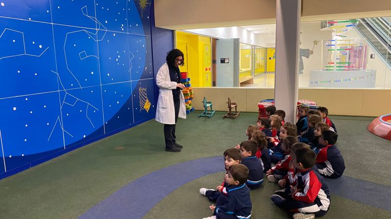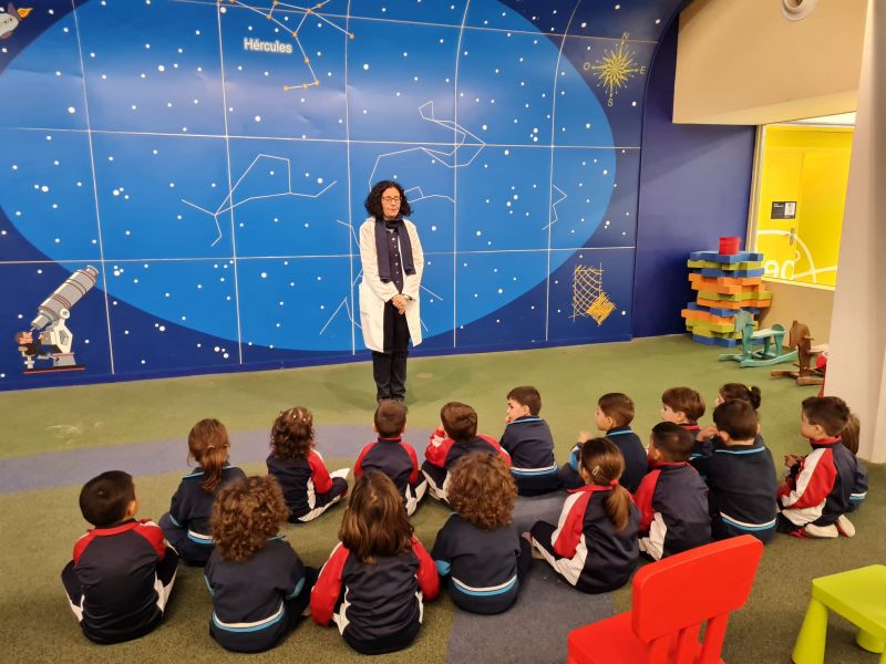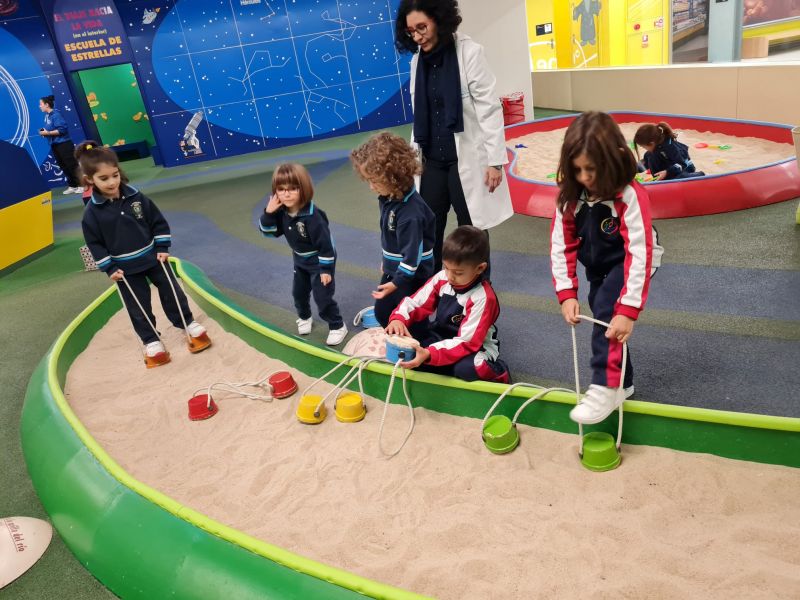 Los alumnos de Infantil van hoy de excursión, para muchos de ellos es la primera vez que montan en autobús. Están contentos, nerviosos e ilusionados por todo lo que van a vivir con sus compañeros y profesoras. Su primera parada la tienen en el Museo de la Ciencia, donde podrán experimentar y manipular con actividades de equilibrio, de gravedad, de astronomía, etc. Después visitarán la Casa del Río donde les enseñarán los ecosistemas fluviales del río Pisuerga. Podrán observar y tocar las principales especies de peces, anfibios, reptiles y crustáceos que habitan en las aguas y ribera del Pisuerga. Para finalizar la visita en el Museo de la Ciencia verán una proyección en el Planetario.
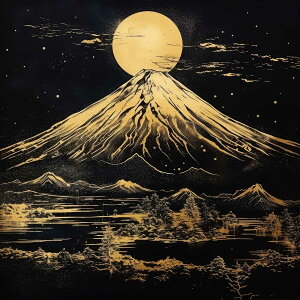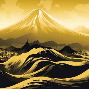 【このポスターについて】 このアートワークは、富嶽、あるいはふじの山とも称される、日本最高峰の山々を金色で描き出し、空間に豊かさと調和をもたらすデザインが特徴です。その温かな輝きは、現代の居住空間を彩るだけでなく、金運
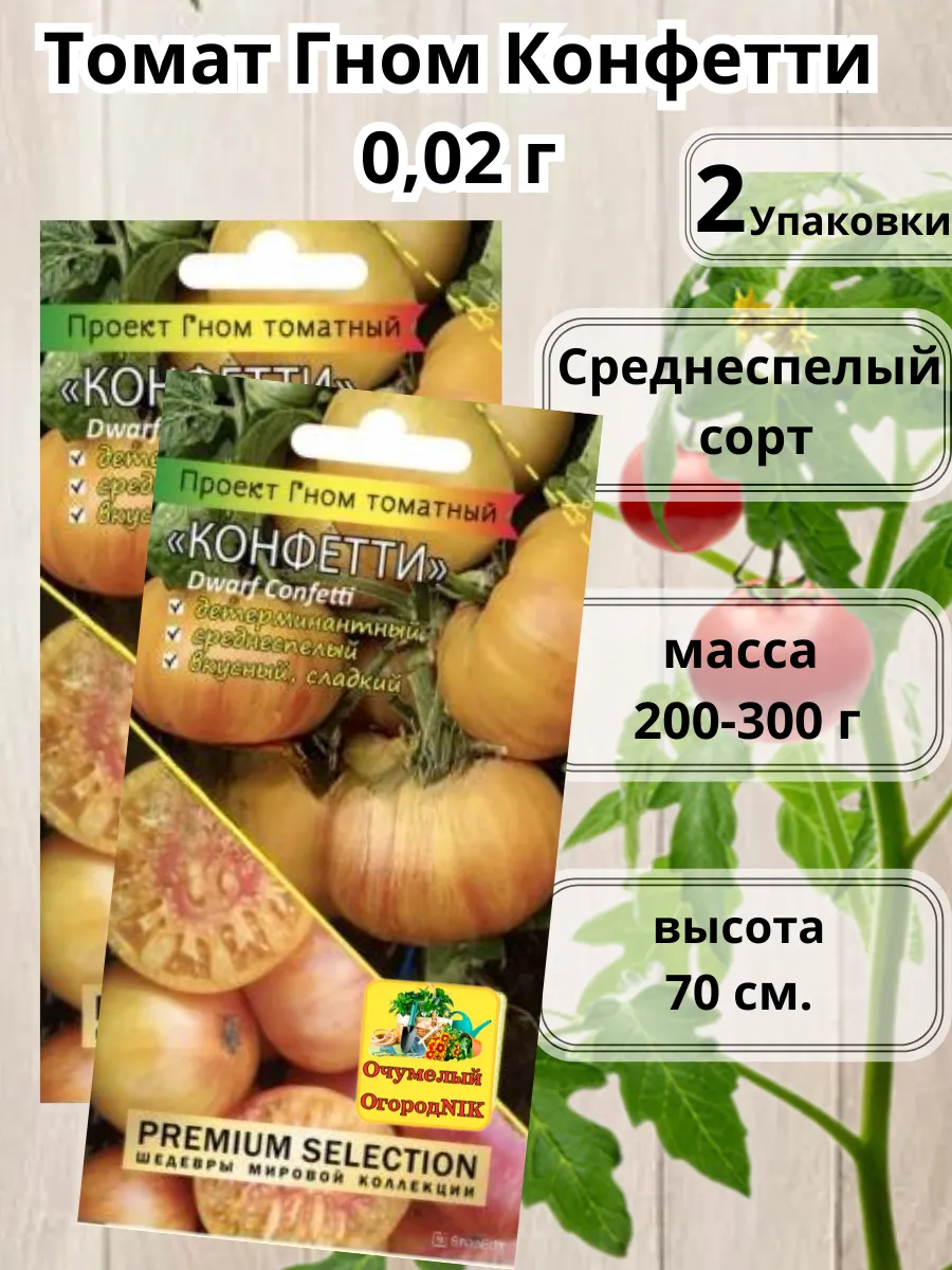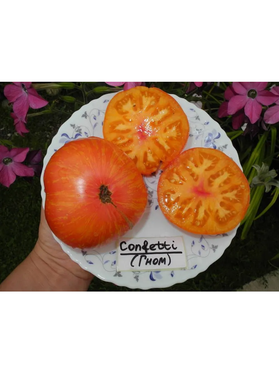 Томат «Гном Конфетти» — яркий и продуктивный сорт для любого огорода. Его главная «фишка» — необычные плоды: крупные, желто-оранжевые с розовыми полосами и отличным вкусом. Этот низкорослый, но урожайный томат одинаково хорошо растет и в грунте, и в горшке, открывая возможности для любого садовода.
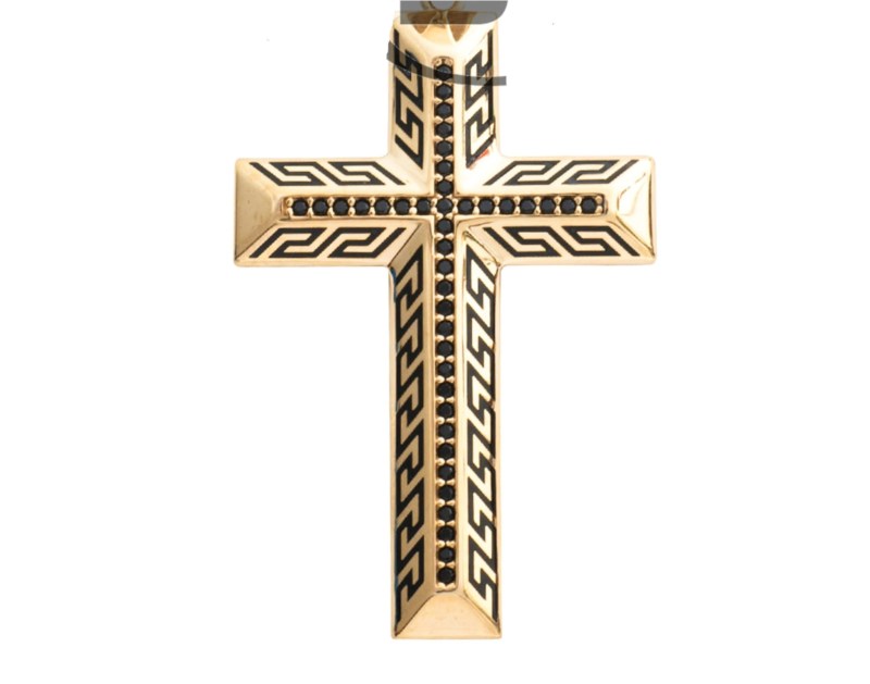 7MM Beveled Greek Key Black Enamel Patterned Cross with Black Cubic Zirconia/42MM quantity
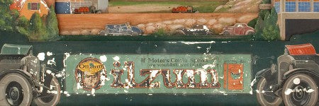 The sign is an automated diorama, showing motorised teens-era road and racing cars that move about the display. Valued at $25,000-30,000, it is in tatty condition with some loss of paint, but is nonetheless a charming piece of memorabilia.
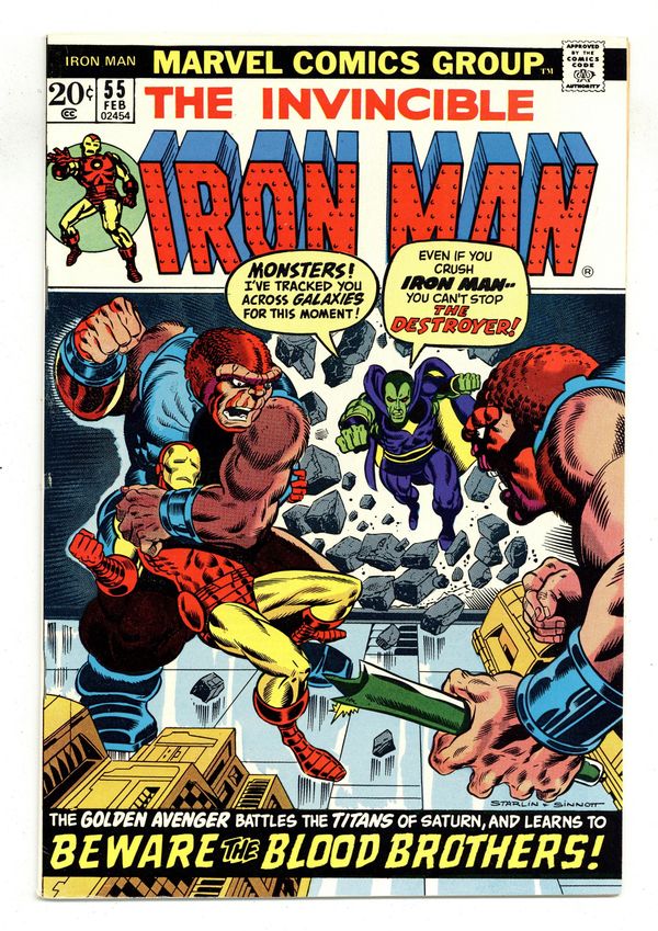 "Beware the Blood Brothers!" First appearance of Thanos. Story by Jim Starlin. Art by Jim Starlin and Mike Esposito. Cover by Jim Starlin and Joe Sinnott. One of the landmark Marvel issues of the Bronze Age. Drax the Destroyer is a prisoner of Thanos at the evil Titan's Earth-fortress. In an effort to escape, Drax telepathically reaches out to Tony Stark for assistance; but before Iron Man can come to the rescue, Shell-Head is ambushed by the Blood Brothers! Can Drax and the golden avenger defeat the Blood Brothers and Thanos? Also first appearances of Drax the Destroyer, Starfox (in a flashback), and Mentor. (Note: Iron Man 55 was reprinted as a Marvel Milestone Edition in 1992.) 36 pages Cover price $0.20. Grade: FN/VF 7.0 explanation of grade Condition: Used (collectible)
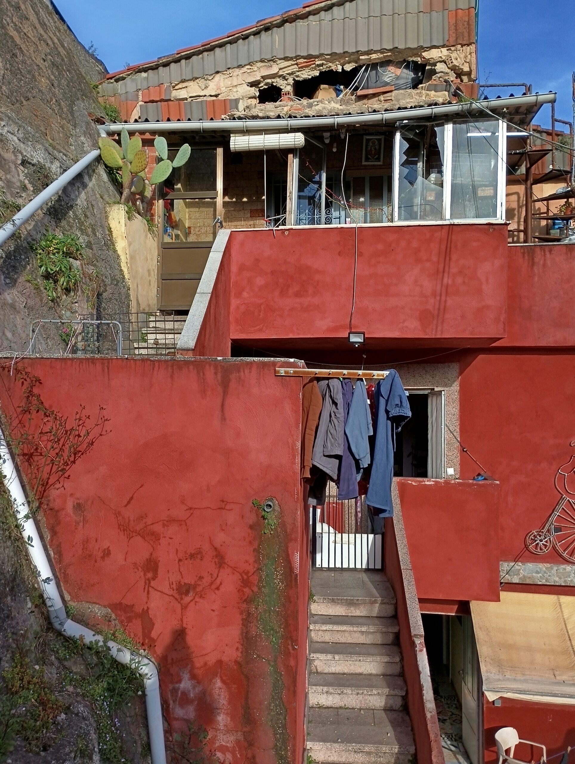 Bomberos de Oviedo precintaron ayer la casa del barrio de Cataluña, en Trubia, cuyo desván se desplomó este fin de semana, obligando a desalojar a tres familias, una de ellas con una mujer con un 65% de discapacidad. Técnicos municipales y un bombero acudieron al edificio para acompañar a uno de los propietarios a rescatar a sus pájaros y recoger algunas pertenencias y dejaron precintado el edificio. Los afectados pasaron estos días realojados por el Ayuntamiento de Oviedo en un hotel, un realojo temporal que creen que finaliza hoy, «ya tendríamos que empezar a pagar». Están a la espera de una solución al problema por parte de los servicios municipales, como una vivienda de emergencia.
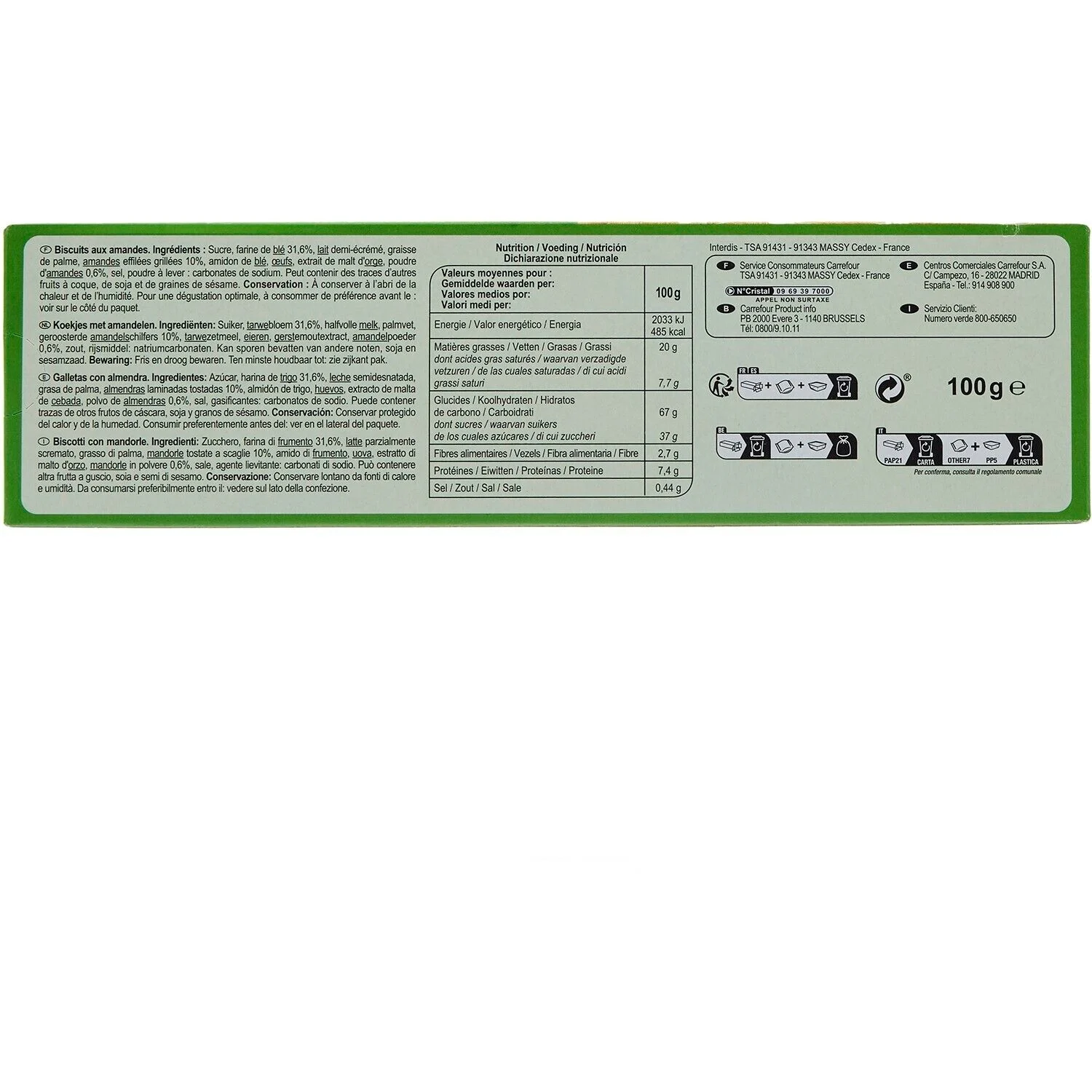 Sucre, farine de BLE 31,6%, LAIT demi écrémé, graisse de palme, AMANDES effilées grillées 10%, amidon de BLE, OEUFS, extrait de malt d’ORGE, poudre d’AMANDES 0,6%, sel, poudre à lever : carbonates de sodium.
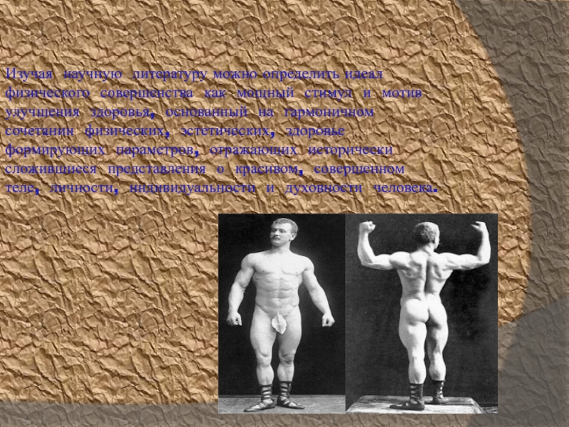 Слайд 6Изучая научную литературу можно определить идеал физического совершенства как мощный стимул

------------------------------

(Task prompt):
A faithful copy of each entry is required, and no picture may be carried into it.

(The completed task):
 Los alumnos de Infantil van hoy de excursión, para muchos de ellos es la primera vez que montan en autobús. Están contentos, nerviosos e ilusionados por todo lo que van a vivir con sus compañeros y profesoras. Su primera parada la tienen en el Museo de la Ciencia, donde podrán experimentar y manipular con actividades de equilibrio, de gravedad, de astronomía, etc. Después visitarán la Casa del Río donde les enseñarán los ecosistemas fluviales del río Pisuerga. Podrán observar y tocar las principales especies de peces, anfibios, reptiles y crustáceos que habitan en las aguas y ribera del Pisuerga. Para finalizar la visita en el Museo de la Ciencia verán una proyección en el Planetario.
 【このポスターについて】 このアートワークは、富嶽、あるいはふじの山とも称される、日本最高峰の山々を金色で描き出し、空間に豊かさと調和をもたらすデザインが特徴です。その温かな輝きは、現代の居住空間を彩るだけでなく、金運
 Томат «Гном Конфетти» — яркий и продуктивный сорт для любого огорода. Его главная «фишка» — необычные плоды: крупные, желто-оранжевые с розовыми полосами и отличным вкусом. Этот низкорослый, но урожайный томат одинаково хорошо растет и в грунте, и в горшке, открывая возможности для любого садовода.
 7MM Beveled Greek Key Black Enamel Patterned Cross with Black Cubic Zirconia/42MM quantity
 The sign is an automated diorama, showing motorised teens-era road and racing cars that move about the display. Valued at $25,000-30,000, it is in tatty condition with some loss of paint, but is nonetheless a charming piece of memorabilia.
 "Beware the Blood Brothers!" First appearance of Thanos. Story by Jim Starlin. Art by Jim Starlin and Mike Esposito. Cover by Jim Starlin and Joe Sinnott. One of the landmark Marvel issues of the Bronze Age. Drax the Destroyer is a prisoner of Thanos at the evil Titan's Earth-fortress. In an effort to escape, Drax telepathically reaches out to Tony Stark for assistance; but before Iron Man can come to the rescue, Shell-Head is ambushed by the Blood Brothers! Can Drax and the golden avenger defeat the Blood Brothers and Thanos? Also first appearances of Drax the Destroyer, Starfox (in a flashback), and Mentor. (Note: Iron Man 55 was reprinted as a Marvel Milestone Edition in 1992.) 36 pages Cover price $0.20. Grade: FN/VF 7.0 explanation of grade Condition: Used (collectible)
 Bomberos de Oviedo precintaron ayer la casa del barrio de Cataluña, en Trubia, cuyo desván se desplomó este fin de semana, obligando a desalojar a tres familias, una de ellas con una mujer con un 65% de discapacidad. Técnicos municipales y un bombero acudieron al edificio para acompañar a uno de los propietarios a rescatar a sus pájaros y recoger algunas pertenencias y dejaron precintado el edificio. Los afectados pasaron estos días realojados por el Ayuntamiento de Oviedo en un hotel, un realojo temporal que creen que finaliza hoy, «ya tendríamos que empezar a pagar». Están a la espera de una solución al problema por parte de los servicios municipales, como una vivienda de emergencia.
 Sucre, farine de BLE 31,6%, LAIT demi écrémé, graisse de palme, AMANDES effilées grillées 10%, amidon de BLE, OEUFS, extrait de malt d’ORGE, poudre d’AMANDES 0,6%, sel, poudre à lever : carbonates de sodium.
 Слайд 6Изучая научную литературу можно определить идеал физического совершенства как мощный стимул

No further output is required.